Только теперь я обратил внимание на незнакомого парня, сидящего за столом, которого я принял за стажера. «Тьфу! Пижон и чистоплюй, блатной, наверное», – подумал я.
Последние слова зава действительно вывели меня из равновесия. Пол стал куда-то проваливаться, ноги сделались ватными, голова закружилась, в висках бешено застучала кровь. Лишь усилием воли я не позволил себе сползти со стула. Язык мой отнялся, а перед глазами поплыли разноцветные круги. Мне еще что-то говорили, кажется, утешали, но голоса были очень далекими, и я ничего не понимал.

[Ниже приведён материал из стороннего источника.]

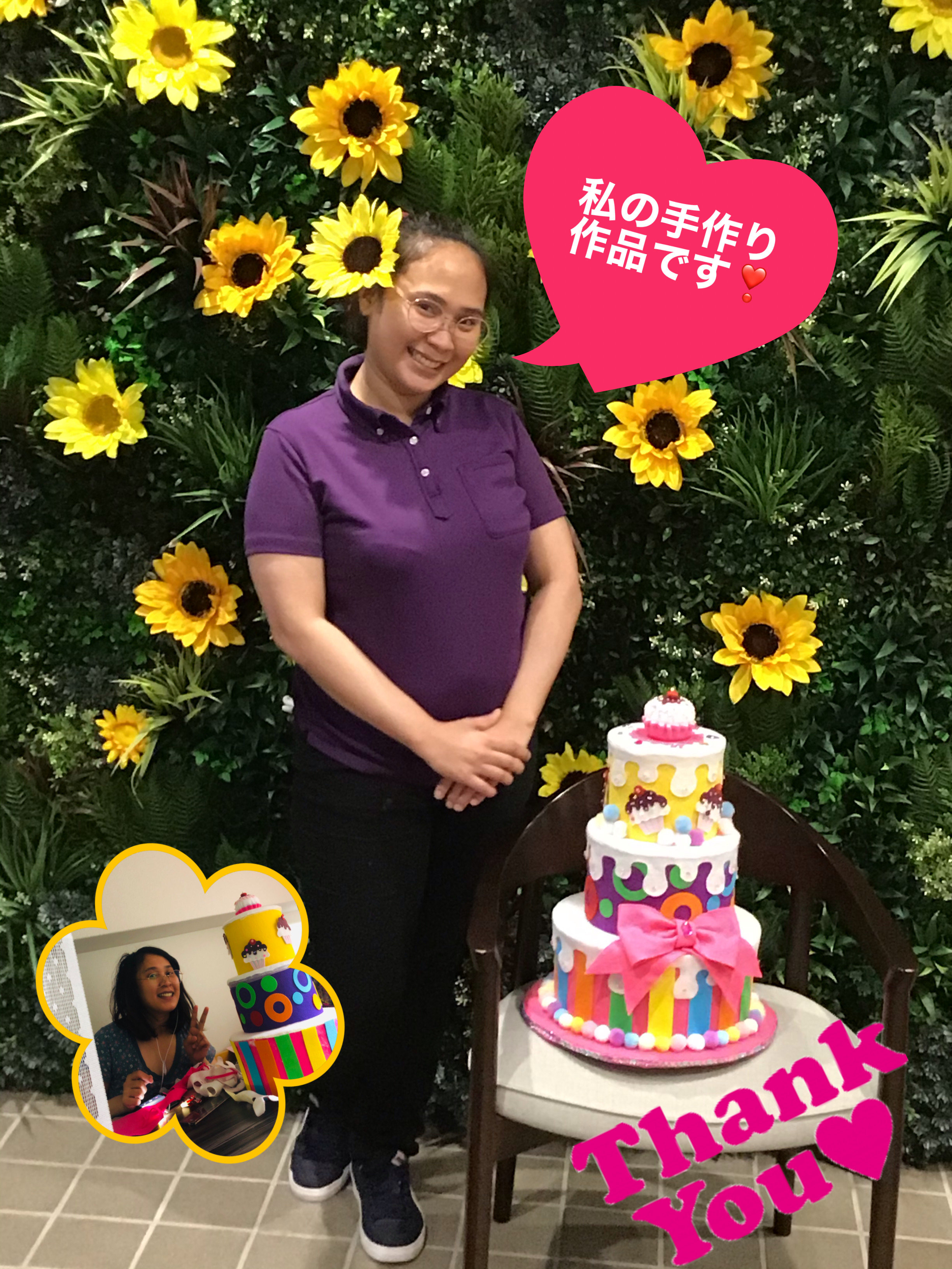 何と可愛いケーキはグローバルのチェナさんが夜な夜な作ってくださいました!フエルトを切り貼り綿を詰めてチクチク縫って一段一段積み重ね完成させてくれました。
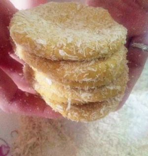 做成圆形或其它自己喜欢的形状,裹一层面包糠
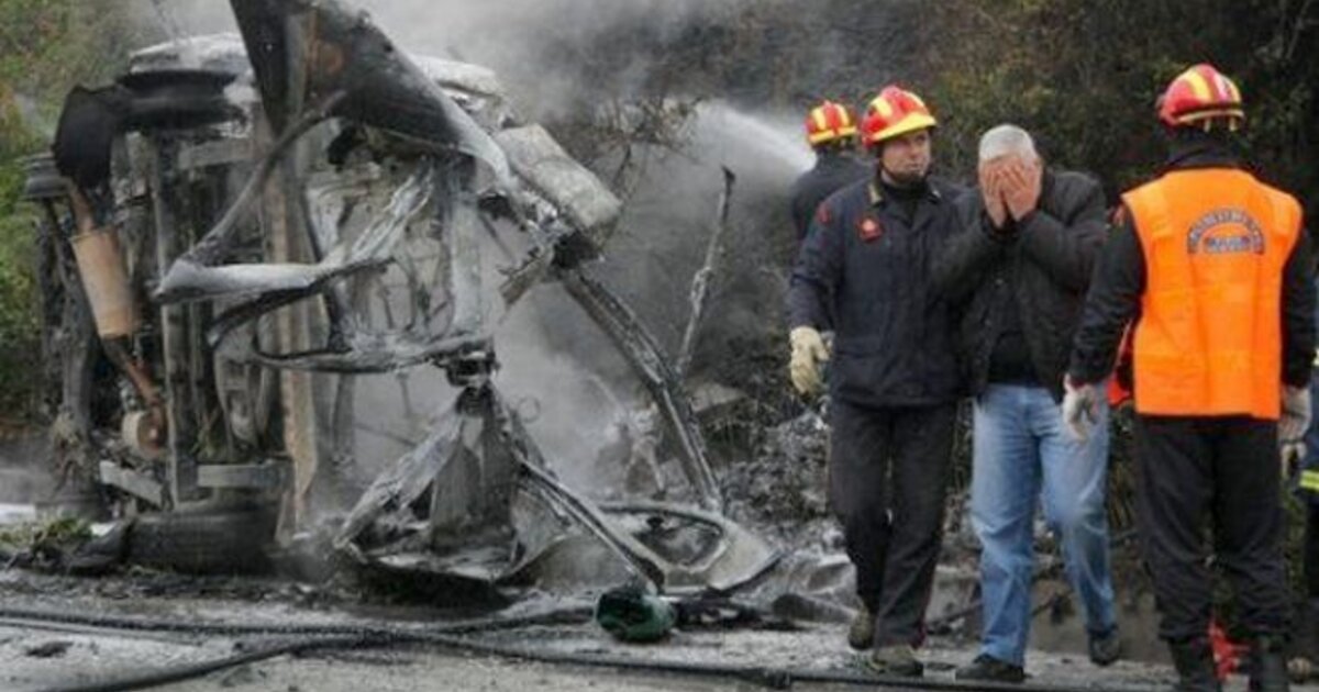Οι φλόγες και οι εκρήξεις συνθέτουν ένα σκηνικό απόγνωσης και τρόμου και κανείς από τους διερχόμενους οδηγούς που έχουν σταματήσει στην άκρη του δρόμου δεν μπορεί να προσφέρει συνδρομή στους δύο άνδρες που βρίσκουν φρικιαστικό θάνατο.
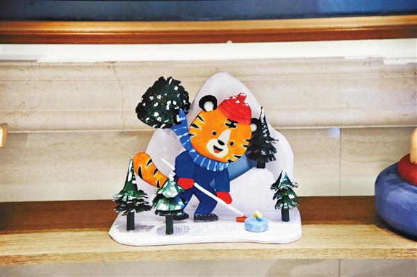 這是學(xué)生們制作的手工藝品“愛(ài)玩冰壺的小老虎”。(胡錫韋/攝)
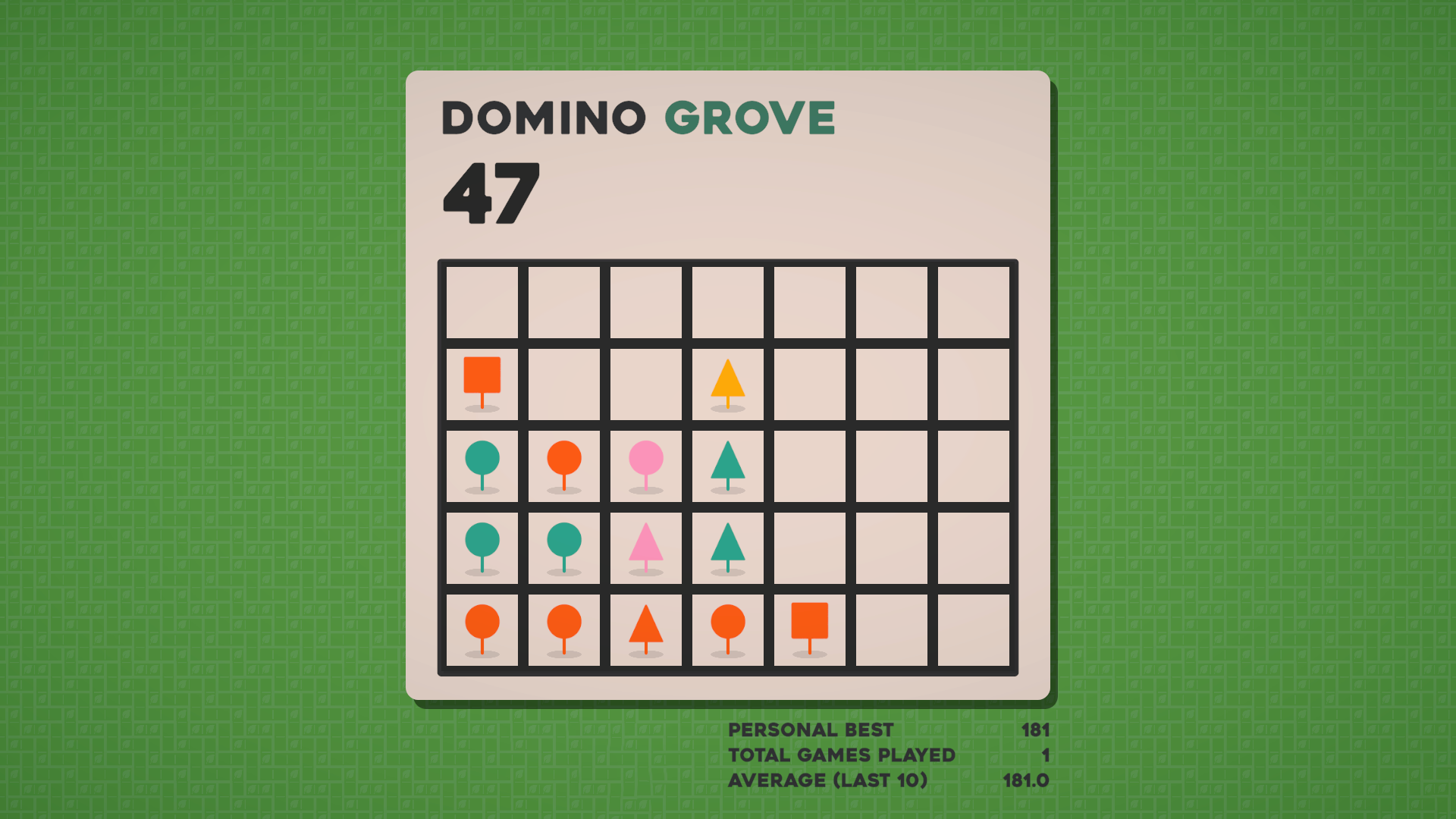 Domino Grove is a very simple, tactile game that you can learn and play very quickly, but with lots of room to improve your tree-planting strategies.
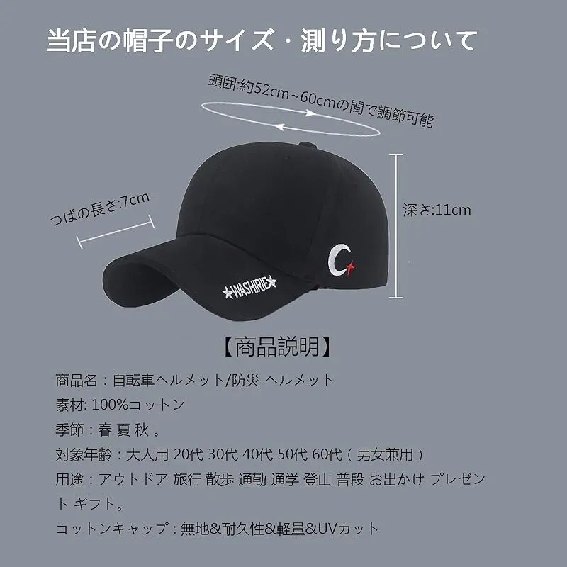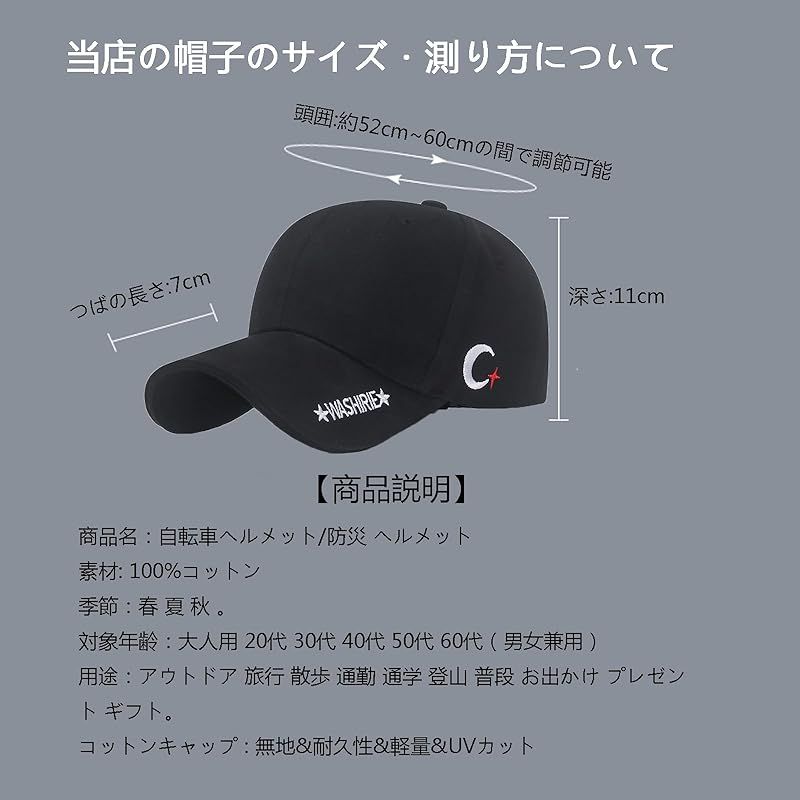 【2025年最新野球帽ヘルメット】素材:キャップは優れた100%コットンで作られ。通気性が抜群です。内部の保護構造:ABS樹脂+EVAクッション。ヘルメット内部にはクッションがあり、頭部を保護し外部からの衝撃を軽減します。これは、実用性、おしゃれを兼ね備えた取り外し可能な簡易帽子型ヘルメットです。従来のヘルメットとは異なり、日常の使用により適しています。頭囲:調整ベルト付きですので52~60とサイズ調整が可能。
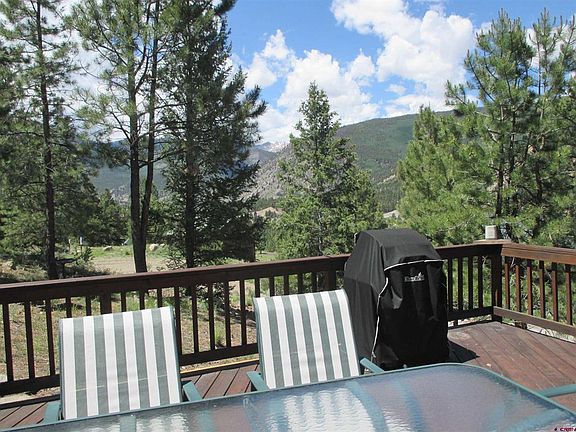 This custom D-Log home borders BLM and is situated on 0.96+/- acres in the covenant protected San Juan Ranch Estates Subdivision with over a mile of semi-private members only fishing in the Lake Fork of the Gunnison River. The home was originally constructed in 1997 and offers 2,598+/- sq. ft. with 3 main floor bedrooms, 2 main floor full baths & one 3/4 bath in basement, open kitchen/dining/living area, vaulted T&G ceilings, custom moss rock fireplace, hot water baseboard heat, ample windows for mountain views & solar gain, fully finished walkout basement with 2-car garage and an oversized deck with motorized awnings. This home has been a seasonal residence but would also make for a great full time family home. The San Juan Ranch Estates Subdivision maintains all of the roads year round and all power lines are buried for unobstructed views. In addition, the subdivision offers a stocked fishing pond, picnic pavilion and walking trail for members only. Please contact Broker(s) to schedule your accompanied showing today.
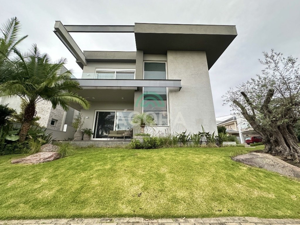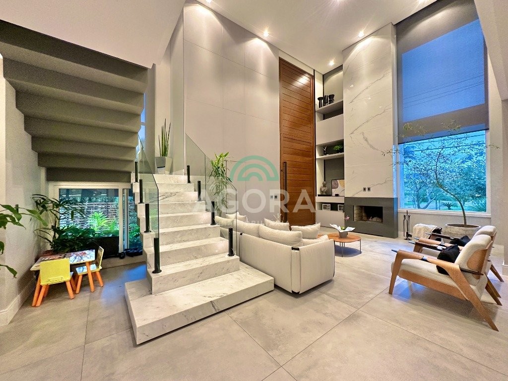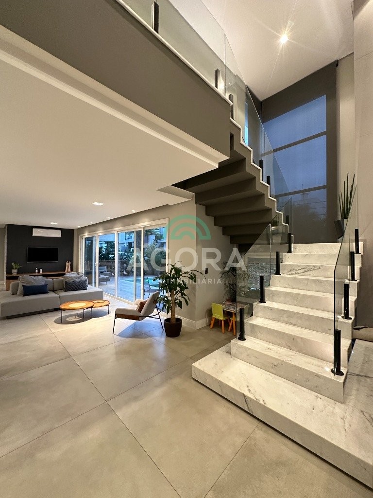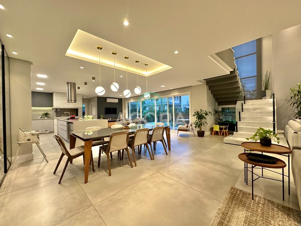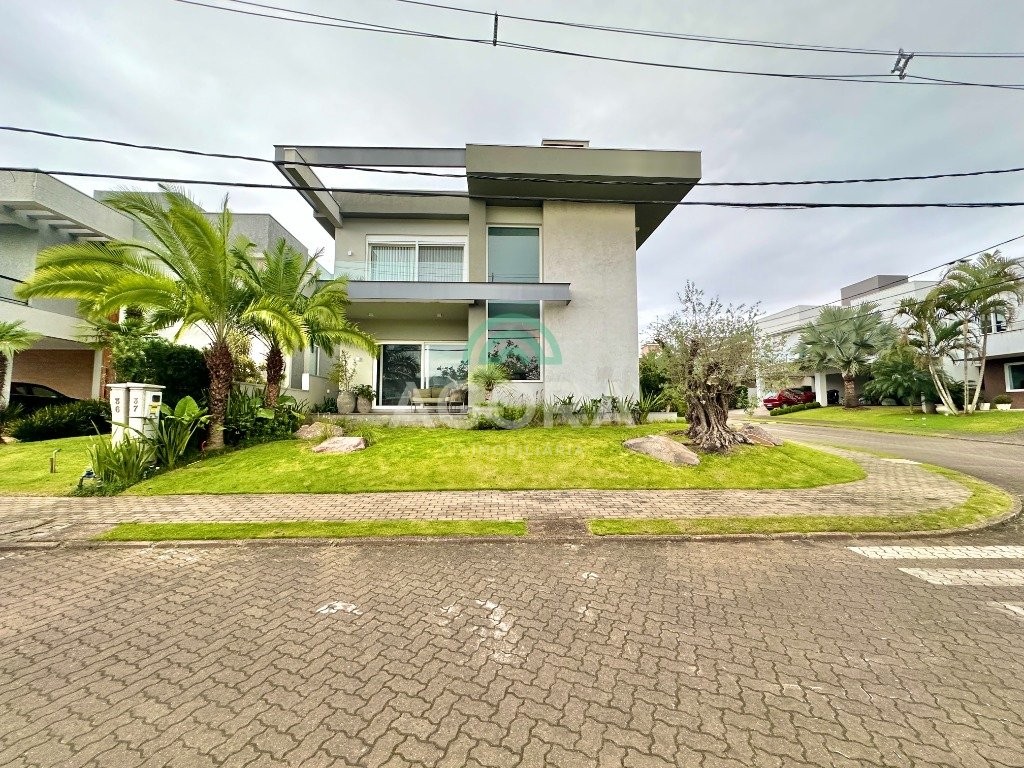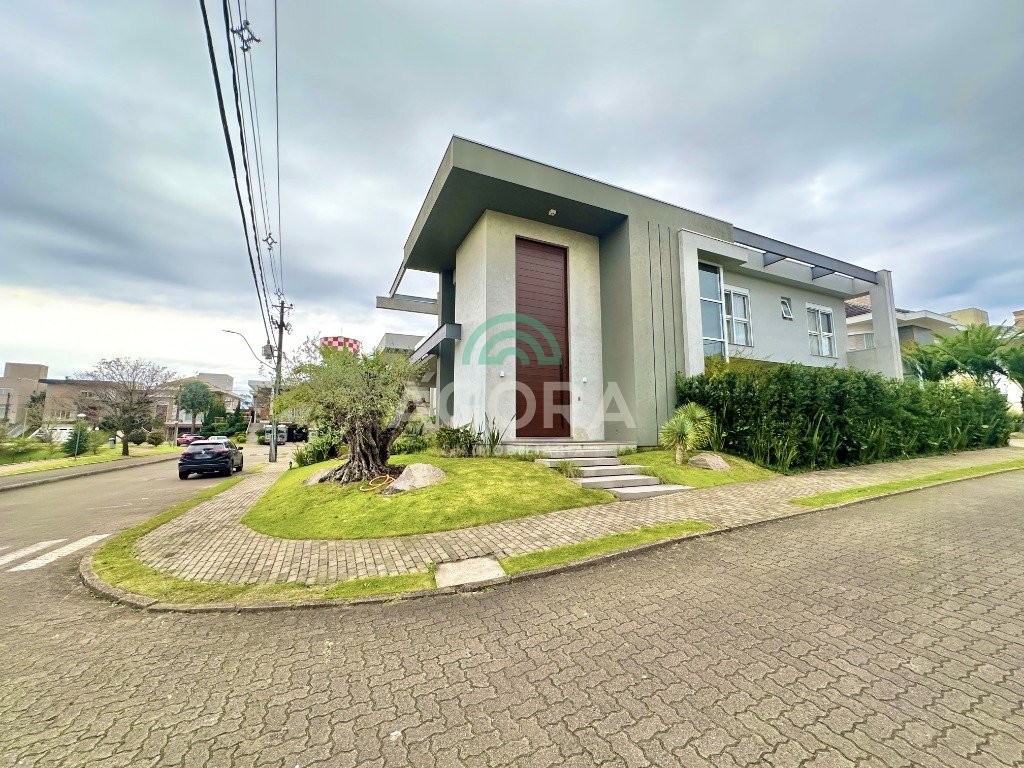 Ágora imobiliária vende: casa em condomínio fechado com 337m² em terreno de esquina. Dispõe de 4 (quatro) dormitórios, sendo 3 (três) suítes, sendo uma delas com banheira e chuveiro e cuba duplos. Living com 4 ambientes totalmente integrados, sendo cozinha com ilha. Imóvel com pé direito alto. Possui piscina com espera para aquecimento em integrada com living de convivência. O imóvel dispõe de vaga para 4 carros. Jardim com iluminação e irrigação totalmente automatizada. Excelente posição solar, sendo frente norte. Além disso, possui energia fotovoltáica e sistema de cisterna.
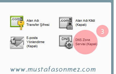 3) Açılan yeni sayfadan "DNS Zone" ayarları butonuna tıklayın. Burada kapalı olan ayarları ikona tıklayarak açacaksınız.
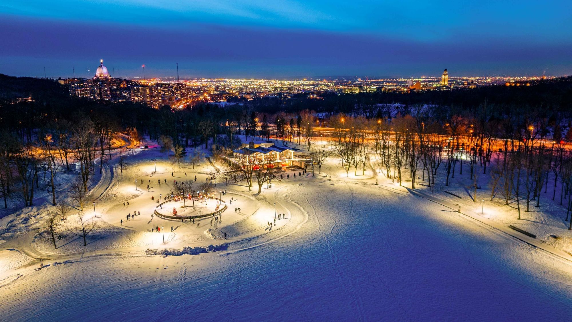 Flânez dans les rues illuminées du Vieux-Montréal, laissez-vous émerveiller par les événements culturels d’hiver ou réchauffez-vous autour d’un chocolat chaud au bord du fleuve gelé. Pour les amoureux de la nature, le parc du Mont-Royal se pare de blanc et offre des panoramas féériques sous la neige.
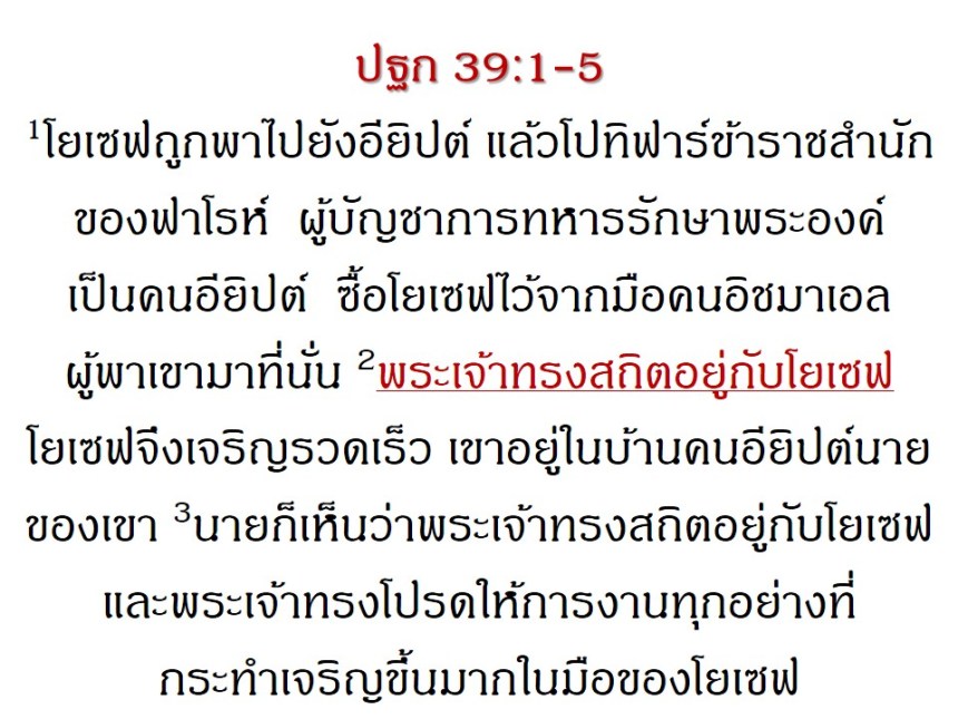 แต่สุดท้ายพระเจ้าได้ยกชูชีวิตของเขาขึ้นเป็นใหญ่เหนือแผ่นดินอียิปต์ เป็นรองเพียงฟาโรห์เท่านั้น
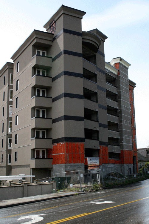 The Bel Lago Condominium sits on the banks of Lake Washington and is the fourth tallest building in Kirkland. The building was foreclosed on in December and has not been completed.
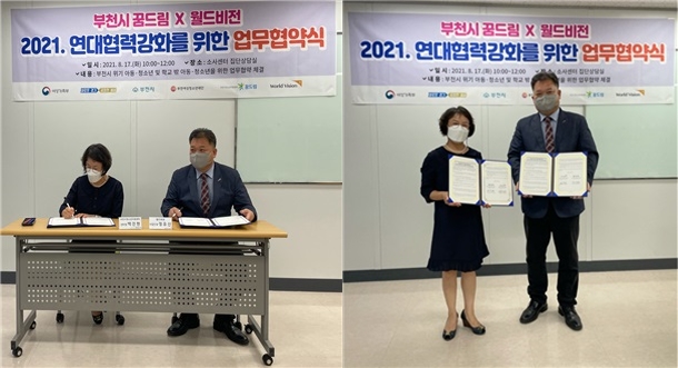Çб³ ¹Û û¼Ò³âÀÇ °Ç°ÇÑ ¼ºÀå Áö¿øÀ» À§ÇÑ À¯±âÀû °ü°è ±¸ÃàÁö³ 17ÀÏ ºÎõ¿©¼ºÃ»¼Ò³âÀç´Ü ¿î¿µ ºÎõ½ÃÇб³¹Ûû¼Ò³âÁö¿ø¼¾ÅÍ(¼¾ÅÍÀå ¹éÁøÇö)¿¡¼´Â Äڷγª19 ¹æ¿ª¼öÄ¢À» ÁؼöÇÏ¸ç ¿ùµåºñÀü °æÀÎÁö¿ªº»ºÎ¿Í ¾÷¹« Çù¾àÀ» ¸Î¾ú´Ù.
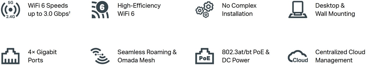 Точката за достъп разполага с четири 10/100/1000 Mbps LAN порта , като първият порт поддържа PoE IN, а вторият порт поддържа PoE OUT. Може да се захранва чрез 802.3af, но за да функционира правилно PoE OUT, устройството трябва да се захранва с 802.3at/bt. Устройството включва и един FXS RJ11 порт .

Дальше всё происходило будто во сне. Я не помню, как долго сидел один в опустевшей ординаторской, как ушел из клиники и ехал по городу. Удивительно, что не попал в аварию – ведь машину вел сам; не запомнил, как приехал домой, где меня ожидал новый удар – ни жены, ни сына, ни всех их вещей в доме не было. Она вышла замуж, и они втроем уехали в другой город. Теща категорически отказалась мне его назвать, ссылаясь на то, что я загубил ее дочери жизнь, и она всё равно ушла бы от меня, мое бегство явилось лишь катализатором развода. На ее встречные вопросы я отказался отвечать и, с остервенением бросив на аппарат трубку, бессильно опустился на диван. Слезы отчаяния душили меня, и я, уткнувшись в подушку, впервые в жизни желал своей смерти.
Глава седьмая
По заведенным исстари традициям этого одинокого таежного села, по Великому распоряжению Неба было так, что двое, найдя и полюбив друг друга в пылу весенних любовных утех и игр, вступают в свой новый жизненный этап, длящийся все лето и до конца сентября. Именно этот короткий период дан им самим Богом, чтобы окончательно найти или потерять друг друга. Теплыми звездными ночами расходятся по своим заветным местам молодые пары, чтобы продолжить свои любовные игры, когда, раздевшись донага и слившись с Природой, в свете полной луны вдосталь насладиться красотой обнаженного тела. Девушки и молодые женщины уводят своих возлюбленных подальше в лес, чтобы вдали от случайных посторонних глаз отдать свое молодое тело во власть мужской силы. Лишь небо, да пролетающая ночная птица становятся свидетелями того духовного наслаждения, когда Ее разгоряченное упругое тело, наконец, попадает в Его сильные руки. И нет на всем белом свете мягче постели, созданной самой Природой в клюквенных верховых болотах, на которой опьяненные любовной страстью и сильным одуряющим запахом цветущего багульника Он и Она предстают перед Высшими силами в своей духовной непорочности, чтобы с наибольшей полнотой слиться с Природой, отдав свои две частицы энергии во власть мощного энергетического потока, устремленного ввысь, и вместе с этим потоком подняться над собой, над всем земным и, оторвавшись от Земли, умолять принять их Там, чтобы на небесах зародилась новая частичка энергии, которая уже затем в чреве Ее даст новую жизнь, так необходимую им обоим. И нет большего счастья, чем ожидание ребенка, навеки связывающего их обоих, ибо зарождение его происходит не на Земле, а в Космосе, и совпадает с заключением истинного брака двух молодых сердец.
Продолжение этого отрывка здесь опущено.